Importing Data from CVAT
Community Slack member Joy Timmermans asked,
“I currently already have some data loaded into CVAT. is it possible to connect that directly to FiftyOne?”
FiftyOne has a very tight integration with CVAT which makes it easy to both create a FiftyOne dataset from a list of CVAT tasks, and to create CVAT annotation tasks directly from FiftyOne.
If the media files are not downloaded to disk, then you can import annotations from CVAT using our provided import_annotations
method, as in the example below.
import fiftyone as fo
import fiftyone.utils.cvat as fouc
dataset = fo.Dataset("my-dataset")
fouc.import_annotations(
dataset,
task_ids=[...],
download_media=True,
)
Alternatively, if the media is downloaded to disk, you can provide the data_path
argument instead of download_media
.
Learn more about FiftyOne’s CVAT integration in the FiftyOne Docs.
Selecting Samples with Attribute Set
Community Slack member Geoffrey Keating asked,
“I want to pull only the samples that have an attribute set on a Detections field. The field is a bool and will only belong to detections of a certain label. What is the best way to do this?”
While this can also be accomplished using filter_field
, it is best to use the match
stage. This is the case any time you want to match samples based on a condition. The matching operation can be performed with the following syntax:
view = dataset.match(
F("ground_truth.detections")
.filter(F("condition") == True)
.length() > 0
)
Learn more about DatasetView
and matching conditions in the FiftyOne Docs.
Using FiftyOne with Images from the Internet
An anonymous user on Stack Overflow asked,
“Is it possible to use FiftyOne with images available at external URLs (in google images for example) without downloading the images first?
This functionality is available in FiftyOne Teams, with which you can point samples directly to an https://
image (as well as to media stored in Amazon S3, Google Cloud Storage, Azure, MinIO, etc.).
If you’re using the open source FiftyOne library, then you should download the images first. Learn more about loading a dataset from disk in the FiftyOne Docs.
Sending Large Annotation Jobs to Label Studio
Community Slack member Brett Israelsen asked,
“I’m trying to send an annotation job out to Label Studio. My dataset is not currently labeled, so I’m sending the whole thing. Is there a limit to how many files can be sent in a single batch?”

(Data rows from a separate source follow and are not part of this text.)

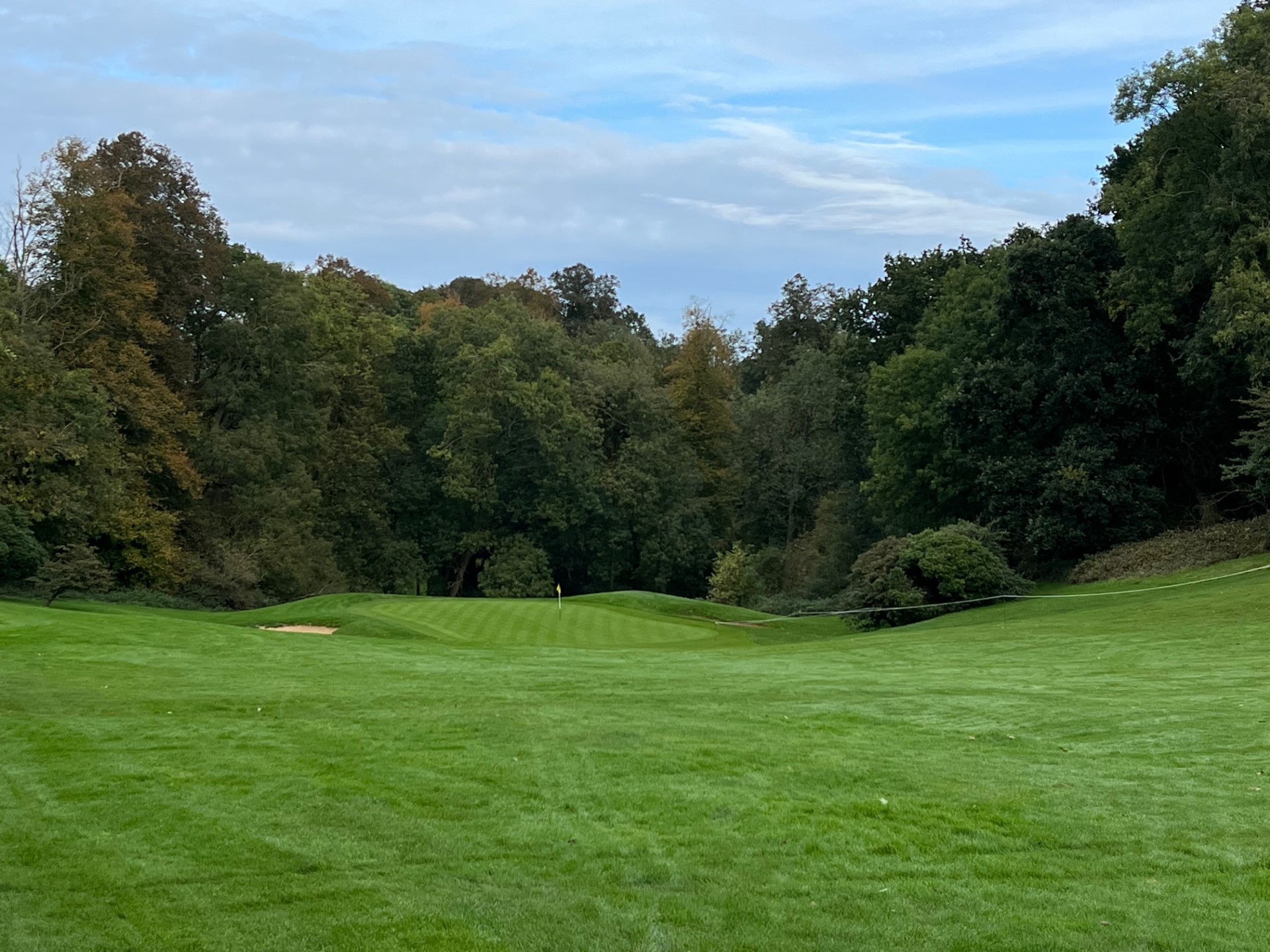 Onto the front 9 then, with a blind tee shot to start, over the horizon and into the valley, where the green is guarded by a meandering stream. There’s more water to contend with on the 2nd, in a sequence of holes that takes in beautiful mature woodland. The 8th deserves particular mention, as a dogleg left around (or if you’re brave or talented, over) the apex of trees, and down a hill to the pretty tree-fringed green far below.
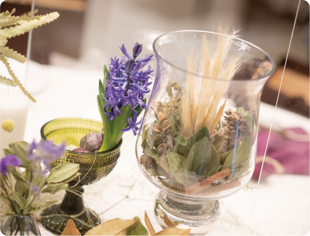 私どもシャーベットには、デザイン専門のスタッフが多数在籍しております。ご要望、ご予算に応じて、お客様のご要望、想いを一緒にプランニングいたします。シャーベットにある様々なお花、素材から世界に一つだけのデザインをお客様と共に創り上げる事が何よりの喜びです。まずはお気軽にスタッフまでご相談くださいませ。
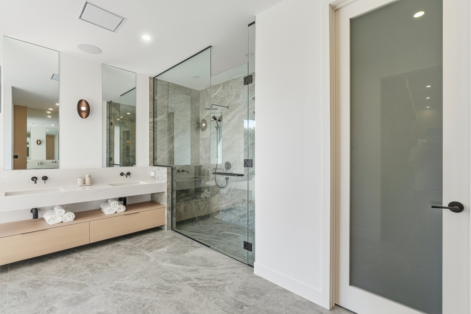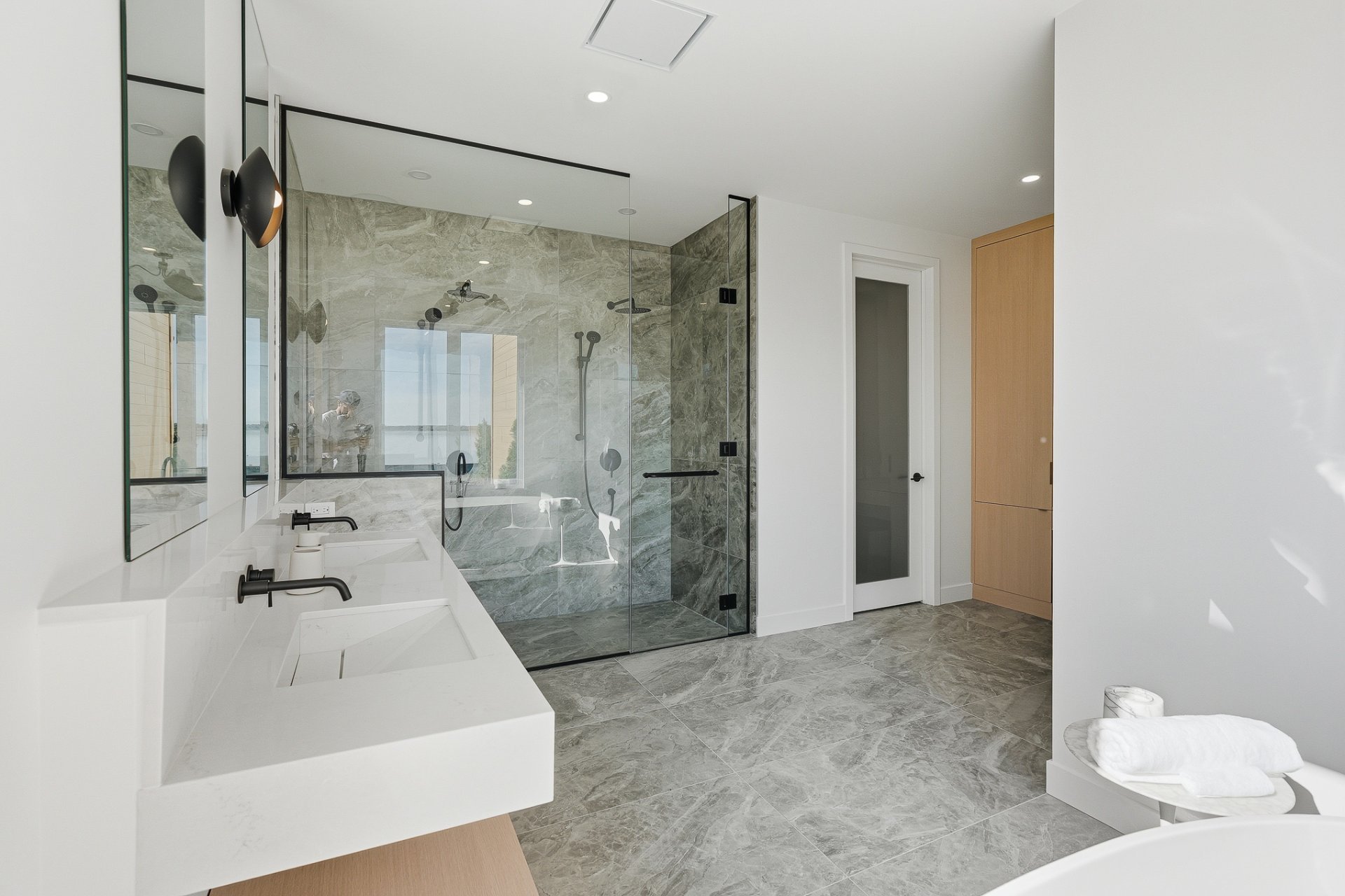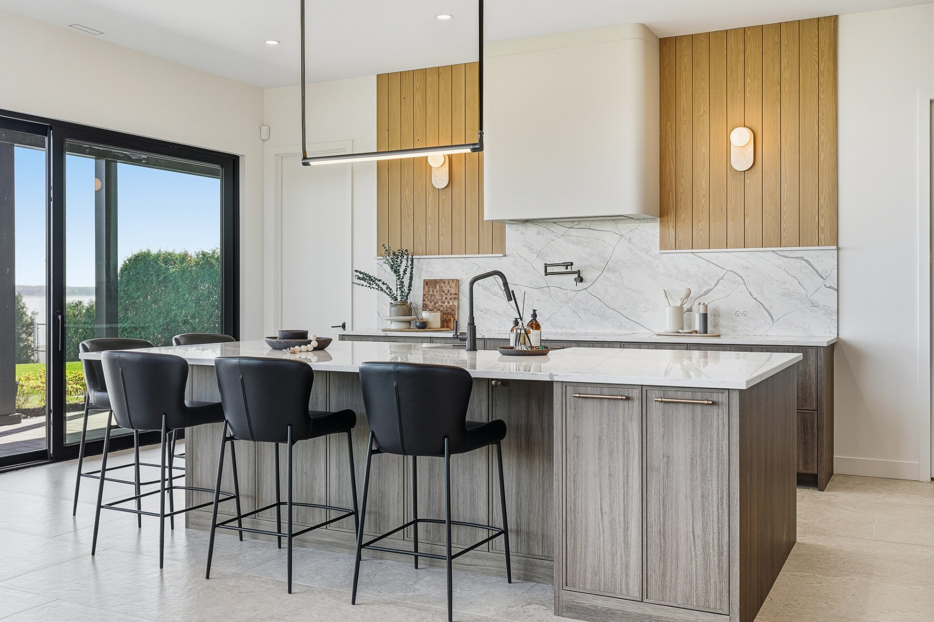 An integrated sound system, security cameras, full smart-home automation, and a custom mudroom complete this uncompromising living environment.
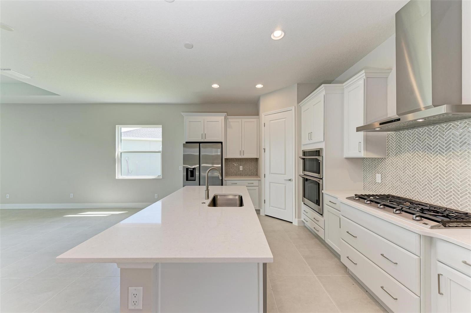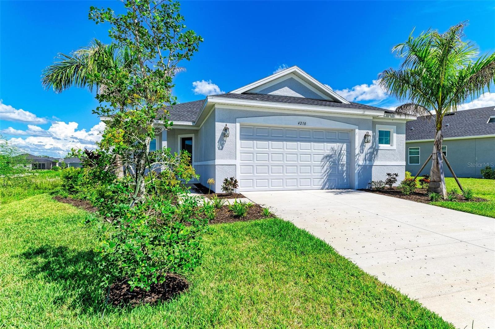 The Nevis by Medallion Home is a great room style home with 2 bedrooms plus a den, and 2 bathrooms in 1746 square feet of wide open space in The Willows, a gated commuity within Cross Creek, in Parrish, FL! The gourmet kitchen features a natural gas cooktop with canopy range hood and a built-in convection oven/microwave, 7'x4' island, Caesarstone quartz countertops, upgraded white cabinetry, decorative tiled backsplash, and a stainless steel refrigerator with ice and water in the door. 10' tall ceilings, 8' tall doors, and 22x22 porcelain tile flooring throughout this home adds to the open feel. PGT WinGard impact-resistant windows and sliders will provide peace of mind during storms and are extremely energy efficient! The primary bedroom is spacious and bright and the primary bath will suit your needs today and on into the future with double sinks and a zero entry walk-in shower. The peaceful view of the pond behind your home can be seen from the moment you walk in the front door, all the way until you step out onto the spacious lanai that is pre-wired and pre-plumbed for your future outdoor kitchen. With low HOA fees, NO CDD's, and the convenience of being 15-20 minutes from all that makes SW Florida so appealing, The Willows is a great choice for your new home! Please call today!

The FiftyOne Label Studio integration uploads all media files at once. If you have a large dataset (either large images, many images, or both), then it is probably best to batch the images you send for annotation, for example:
for batch in range(0, len(dataset), batch_size):
view = dataset[batch*batch_size : (batch+1) * batch_size]
results = view.annotate(..., backend="labelstudio", project_name="my_project")
It is important that the annotation key passed in to view.annotate()
is unique for each batch. Learn more about FiftyOne’s Label Studio integration in the FiftyOne Docs.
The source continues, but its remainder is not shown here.